EXERCISE PROMPT:
From the data that follows, print exactly the lines starting at the one containing "Información del producto." and ending at the one containing "Our hotel features"; include both of them and nothing more.

GIVEN INFORMATION:

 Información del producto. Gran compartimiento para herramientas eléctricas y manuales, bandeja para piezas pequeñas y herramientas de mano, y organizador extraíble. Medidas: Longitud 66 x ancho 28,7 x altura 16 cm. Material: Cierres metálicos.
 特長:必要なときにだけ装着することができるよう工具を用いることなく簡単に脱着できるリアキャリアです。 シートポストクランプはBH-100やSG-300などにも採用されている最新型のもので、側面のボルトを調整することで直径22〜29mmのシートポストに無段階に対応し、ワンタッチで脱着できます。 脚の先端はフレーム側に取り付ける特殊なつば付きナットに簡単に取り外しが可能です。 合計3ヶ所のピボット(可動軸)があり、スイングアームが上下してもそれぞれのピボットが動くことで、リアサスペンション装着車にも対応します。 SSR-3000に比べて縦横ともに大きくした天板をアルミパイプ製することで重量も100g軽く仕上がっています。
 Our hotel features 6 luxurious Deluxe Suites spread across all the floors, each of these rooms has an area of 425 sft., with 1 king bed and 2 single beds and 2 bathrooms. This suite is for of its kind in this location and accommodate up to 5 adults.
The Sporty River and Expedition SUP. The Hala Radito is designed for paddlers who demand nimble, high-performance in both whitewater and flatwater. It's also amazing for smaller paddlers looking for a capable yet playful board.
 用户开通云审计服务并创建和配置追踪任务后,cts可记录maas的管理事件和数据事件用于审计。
--
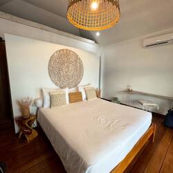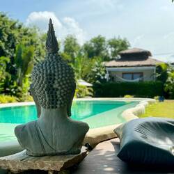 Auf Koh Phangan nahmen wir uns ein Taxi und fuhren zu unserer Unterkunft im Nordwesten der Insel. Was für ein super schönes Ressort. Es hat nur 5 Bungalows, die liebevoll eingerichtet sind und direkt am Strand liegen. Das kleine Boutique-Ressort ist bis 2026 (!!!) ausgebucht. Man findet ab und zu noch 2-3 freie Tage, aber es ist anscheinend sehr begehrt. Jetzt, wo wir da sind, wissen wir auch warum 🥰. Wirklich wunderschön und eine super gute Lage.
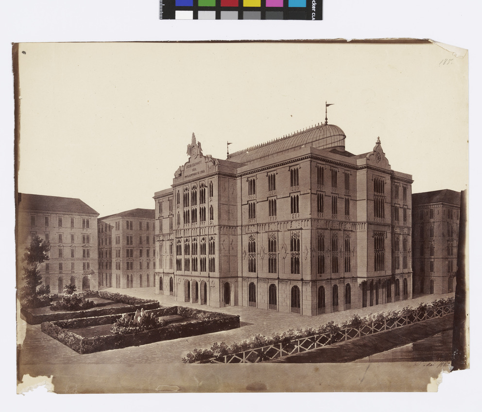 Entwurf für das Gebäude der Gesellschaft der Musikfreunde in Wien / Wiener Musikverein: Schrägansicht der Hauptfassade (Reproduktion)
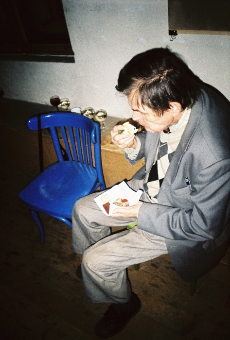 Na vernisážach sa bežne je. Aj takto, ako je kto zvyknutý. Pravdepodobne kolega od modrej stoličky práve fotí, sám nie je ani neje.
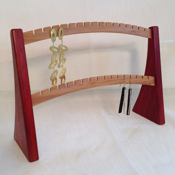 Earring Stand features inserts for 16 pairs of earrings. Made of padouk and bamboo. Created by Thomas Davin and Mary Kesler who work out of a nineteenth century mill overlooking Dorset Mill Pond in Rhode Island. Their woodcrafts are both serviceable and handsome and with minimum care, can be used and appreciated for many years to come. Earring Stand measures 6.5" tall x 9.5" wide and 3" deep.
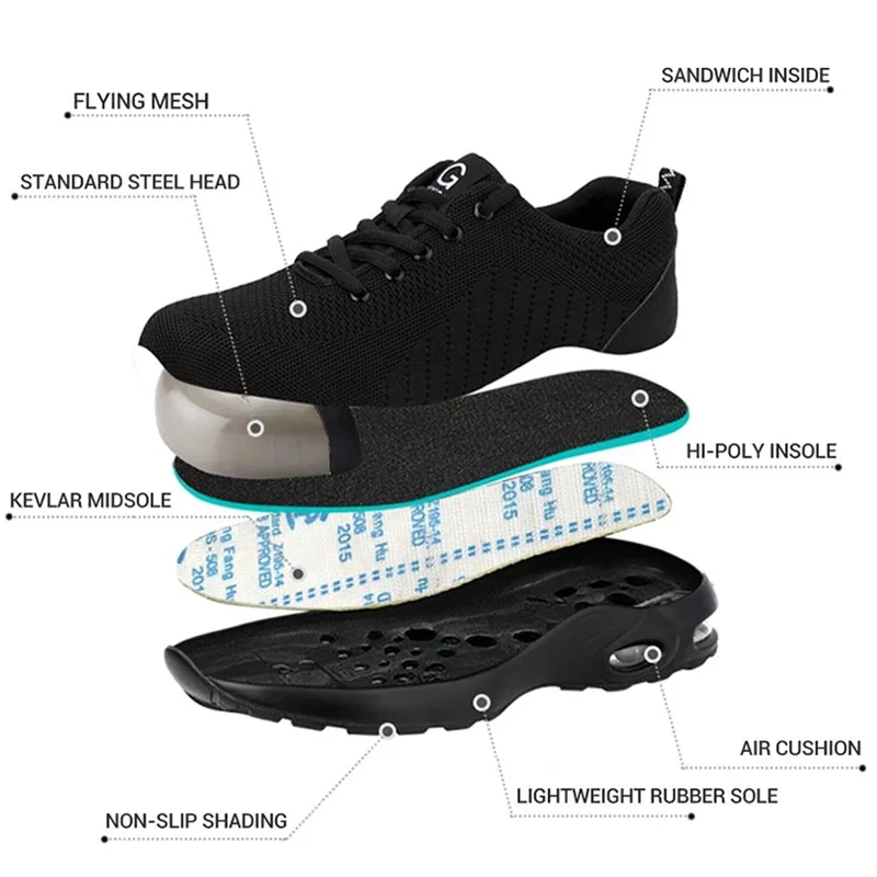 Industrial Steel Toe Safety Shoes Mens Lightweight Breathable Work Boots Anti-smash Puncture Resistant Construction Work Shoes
--
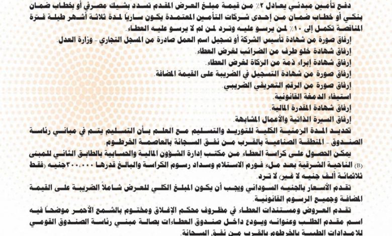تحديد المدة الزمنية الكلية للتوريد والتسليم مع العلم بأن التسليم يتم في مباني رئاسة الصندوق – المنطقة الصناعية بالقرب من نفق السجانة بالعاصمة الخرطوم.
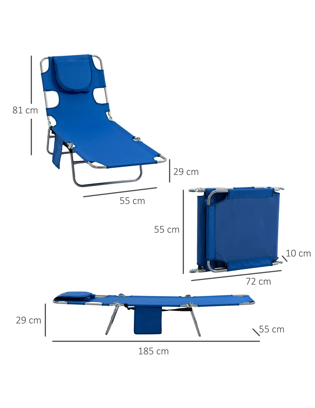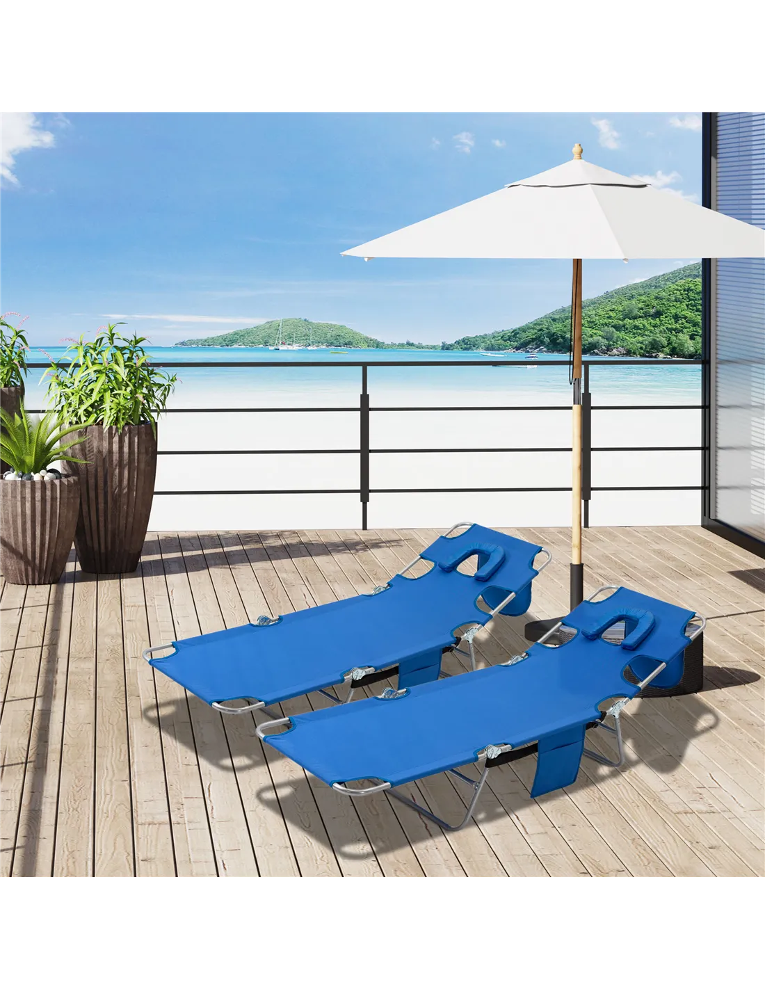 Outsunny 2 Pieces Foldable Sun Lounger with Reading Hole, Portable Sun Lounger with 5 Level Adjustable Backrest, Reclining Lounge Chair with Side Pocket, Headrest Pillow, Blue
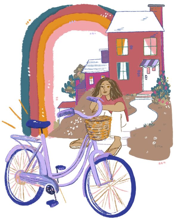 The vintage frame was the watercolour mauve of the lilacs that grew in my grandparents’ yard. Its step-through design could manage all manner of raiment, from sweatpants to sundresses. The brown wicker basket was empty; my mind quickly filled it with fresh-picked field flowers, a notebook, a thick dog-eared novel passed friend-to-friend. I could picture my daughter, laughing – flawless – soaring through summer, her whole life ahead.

SOLUTION TO THIS EXERCISE:
 Información del producto. Gran compartimiento para herramientas eléctricas y manuales, bandeja para piezas pequeñas y herramientas de mano, y organizador extraíble. Medidas: Longitud 66 x ancho 28,7 x altura 16 cm. Material: Cierres metálicos.
 特長:必要なときにだけ装着することができるよう工具を用いることなく簡単に脱着できるリアキャリアです。 シートポストクランプはBH-100やSG-300などにも採用されている最新型のもので、側面のボルトを調整することで直径22〜29mmのシートポストに無段階に対応し、ワンタッチで脱着できます。 脚の先端はフレーム側に取り付ける特殊なつば付きナットに簡単に取り外しが可能です。 合計3ヶ所のピボット(可動軸)があり、スイングアームが上下してもそれぞれのピボットが動くことで、リアサスペンション装着車にも対応します。 SSR-3000に比べて縦横ともに大きくした天板をアルミパイプ製することで重量も100g軽く仕上がっています。
 Our hotel features 6 luxurious Deluxe Suites spread across all the floors, each of these rooms has an area of 425 sft., with 1 king bed and 2 single beds and 2 bathrooms. This suite is for of its kind in this location and accommodate up to 5 adults.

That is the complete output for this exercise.